L'expression "art contemporain" désigne, non pas l'ensemble de l'art de notre époque, mais ce qui résulte d'une dérive de l'art officiel.
Des dessins qu'on pourrait croire réalisés par des enfants de cinq ans, des assemblages de boîtes de conserves, des articles ménagers rouillés, des tableaux monochromes de type peinture en bâtiments et bien d'autres absurdités de ce genre, trouvent preneurs à plusieurs millions d'euros.
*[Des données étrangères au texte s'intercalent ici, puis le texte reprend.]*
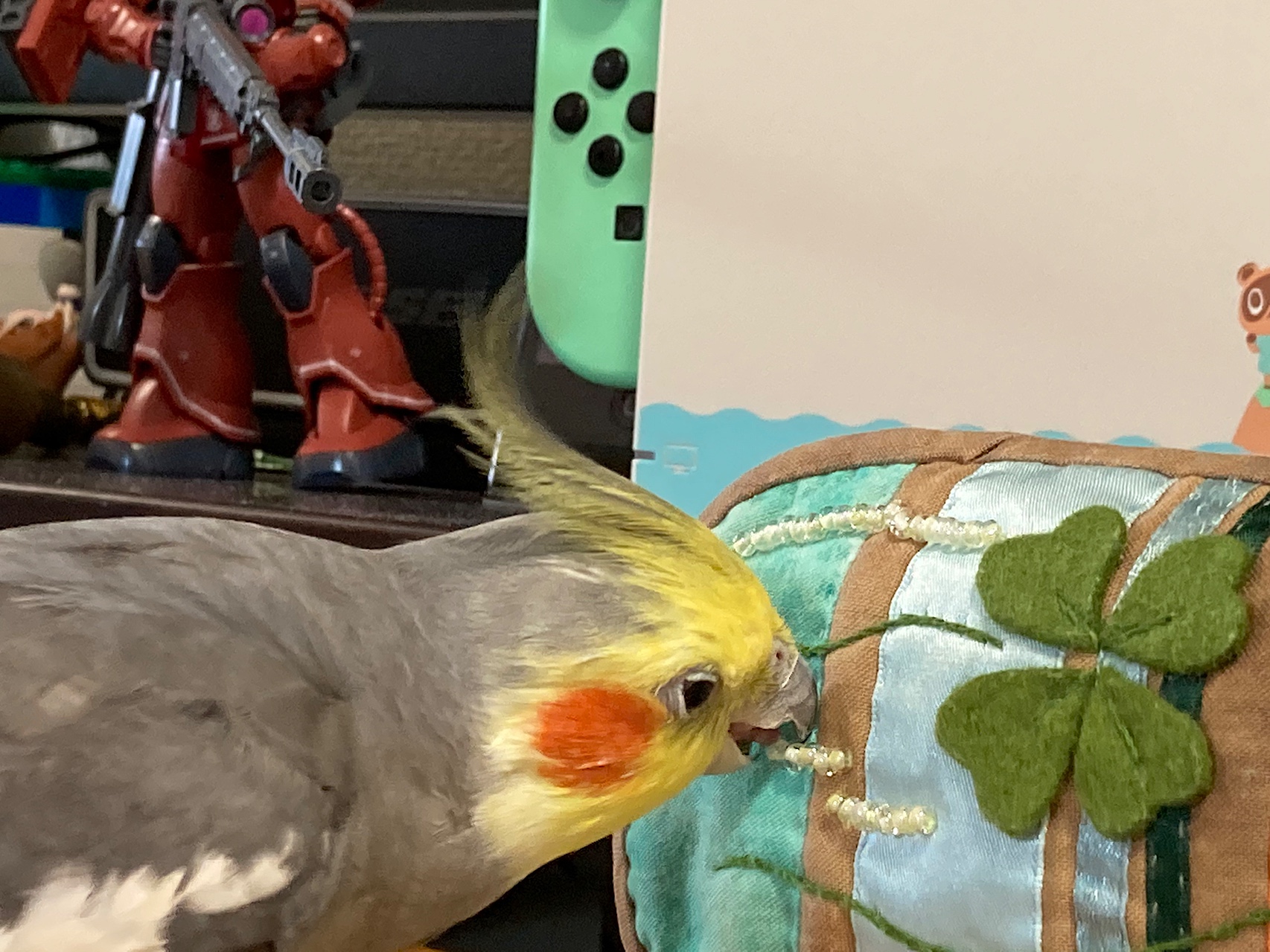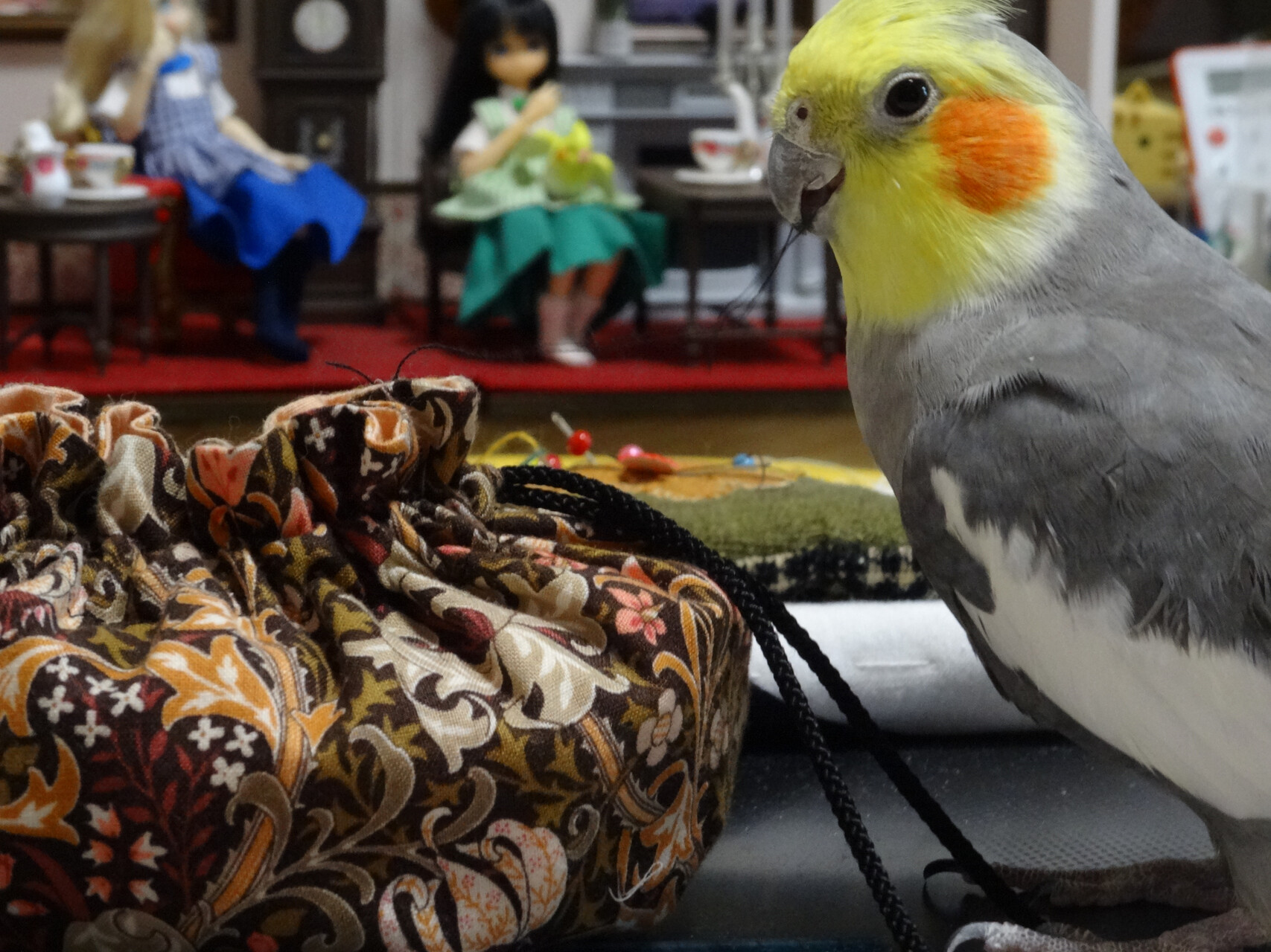 裁縫道具が入った巾着の紐が気になっていたらしい。

Le musée d'art contemporain du Centre Pompidou organise une exposition sur le vide, tout simplement en n'exposant rien ; enfin, sommet du ridicule, le château de Versailles expose des articles de plage qui pendouillent au plafond des salles les plus prestigieuses de la culture française.
Comment les hommes les plus riches de la planète et les plus grands décideurs de ce monde en sont-ils arrivés arrivés à soutenir un tel délire ?
C'est précisément à cette question que Jean-Louis Harouel donne une réponse complète dans son remarquable livre "La Grande Falsification".
Dans un style clair, n'utilisant que des phrases et des mots simples, mais avec une logique particulièrement rigoureuse, l'auteur reprend tout le développement de l'art contemporain. De l'apparition de la photographie qui a détrôné la peinture dans son rôle premier, à la déification de l'artiste avant-gardiste, en passant par l'absurdité du discours occultiste, l'art classique n'a cessé de se dégrader en suivant la plus forte pente ; tout cela est expliqué et soutenu par une multitude d'anecdotes historiques qui surprendront le lecteur.
Enfin, pour expliquer l'institutionnalisation du système, l'auteur évoque, preuves historiques à l'appui, le rôle du gouvernement américain au milieu du XX° siècle.
En résumé, celui qui veut comprendre la déchéance de l'art et son soutien par les grands de ce monde, trouvera dans ce livre une réponse "grand public" qui résume un immense travail.